--- DATA EXTRACT Enclosed Below ---

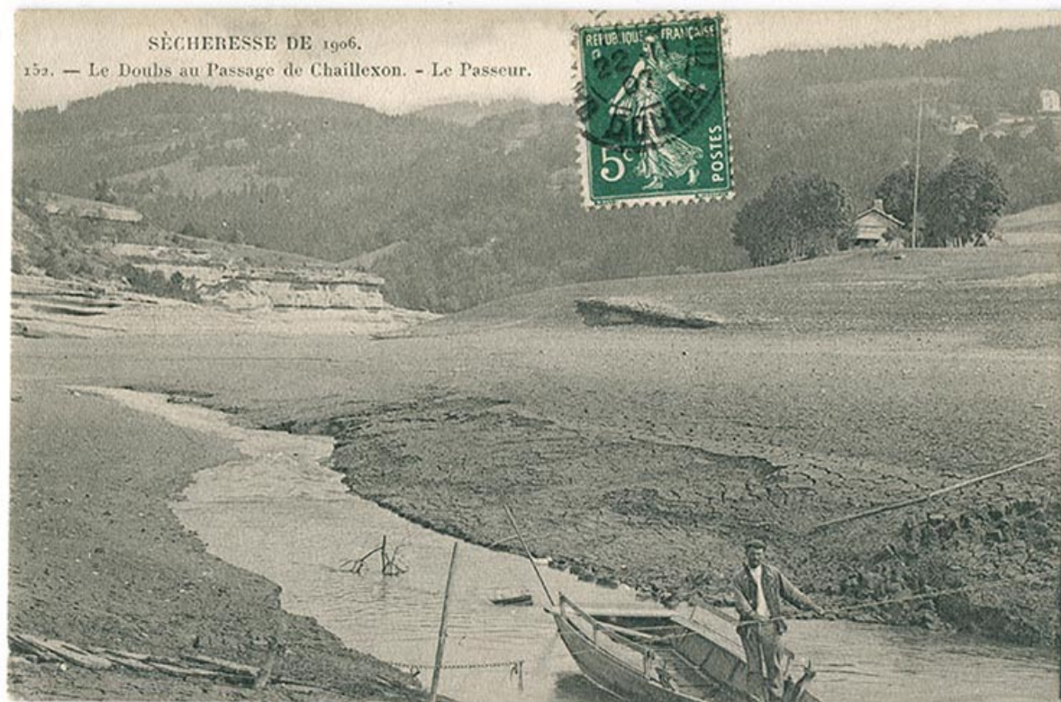
Sécheresse de 1906. 152. - Le Doubs au Passage de Chaillexon. - Le Passeur.

25, Villers-le-Lac, 16 rue de l' Ile, lieudit : les Bassots
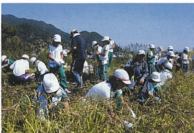
全校生徒で稲刈りしました

去る9月21日南会津町立田島第二小学校(旧田島町)で行っている『田んぼの学校』において、澄み切った青空の下、この春植えたコガネモチの稲刈りが行われました。

--- End of Enclosed DATA EXTRACT ---

> _EXERCISE OBJECTIVE_:
All lines from the one with "全校生徒で稲刈りしました" to the end of the material above should be copied exactly, both ends included, and nothing else.

> _FINAL ANSWER_:
全校生徒で稲刈りしました

去る9月21日南会津町立田島第二小学校(旧田島町)で行っている『田んぼの学校』において、澄み切った青空の下、この春植えたコガネモチの稲刈りが行われました。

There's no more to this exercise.